Thursday, October 30, 2008

FInding clothes that fit.

*UGH*

Here are some clothing fit issues I'm having - I knew y'all wanted to hear about them:

** You know how there are some people that look like a caricature of a person. Like from the chest up and the thighs down they are of normal size but then they have an enormous stomach and butt? No? You don't know those people? Come visit me, my friend, and you will... I can tell that I've lost some weight in my boobs and face. Mostly the boobs. (I don't know about my legs, b/c I don't have a full length mirror. Because I'm super together and organized), but my stomach and butt are still enormous. It's NOT a good look.

** I don't know what size underwear to buy. In the past, this has been my underwear-buying philosophy: Go to Wal Mart. Find the multi-pack bags of underwear. Find the cheapest one. Buy the biggest size they have. Now I can still wear my underwear, but it's getting kind of baggy and I don't have any idea how to figure out what size to buy next.

** I put one some Goodwill jeans today (I have like 4 pairs of those) and they fit me perfectly - except for the left calf. I'm serious. Everywhere is perfect, but the left calf is tight. Only the left one.

** I would like to say hello to..... my neck! I just saw it in the mirror. Who knew I had one under all those chins?

Wednesday, October 29, 2008

Ouch!

Last night I got on here to write my Last Will and Testament, but decided I was too tired so you guys could just fight over my stuff. Luckily for y’all, I was able to get out of bed this morning after all. I took Body Pump for the third time last night. I’ve been trying to figure out how much weight I should use – and I think I overdid it a bit. A bit. By the end, every muscle in my body was trembling uncontrollably. But I just kept thinking to myself – “No sagging skin! I will not have saggy skin!” so this better work.

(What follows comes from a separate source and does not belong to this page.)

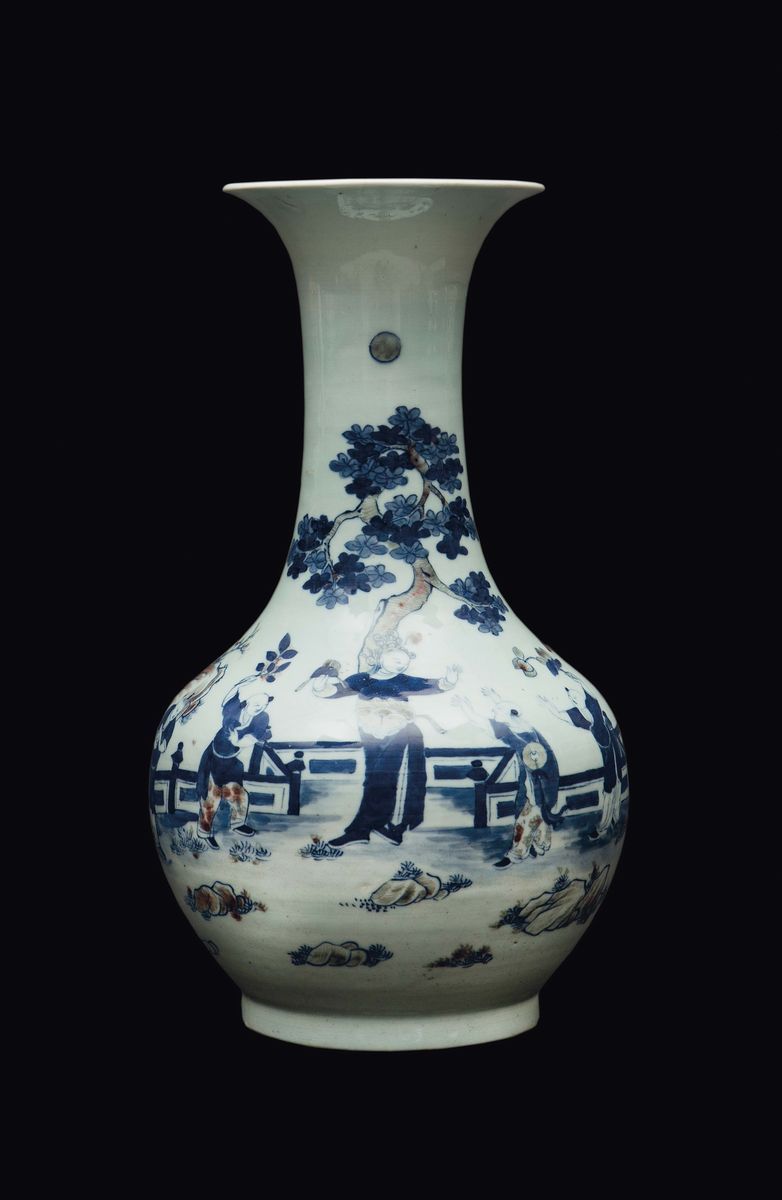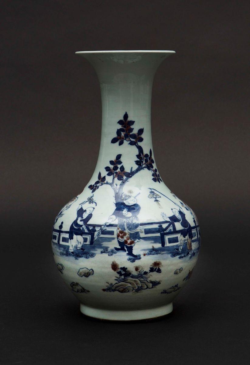 Vaso in porcellana bianca e blu e tocchi rosso ferro con raffigurazione di fanciulli che giocano, Cina, Dinastia Qing, XIX [..]

Surprisingly enough, I was able to get up this morning relatively pain-free. I’ve been a little sore, but nothing like when I first worked out with Sgt. Bryan and could hardly move!

So here’s a tidbit about me – I’M COLD!!!!! No matter where I am when you’re reading this, I’m probably cold. Ever since the weather started to get colder, I cannot warm up. I’ve read about other people with this surgery and I think it’s not so much the loss of weight as it is my body reacting to all the crazy changes and spewing hormones everywhere. I hear the first winter is really cold, but it gets better. Here’s to hoping!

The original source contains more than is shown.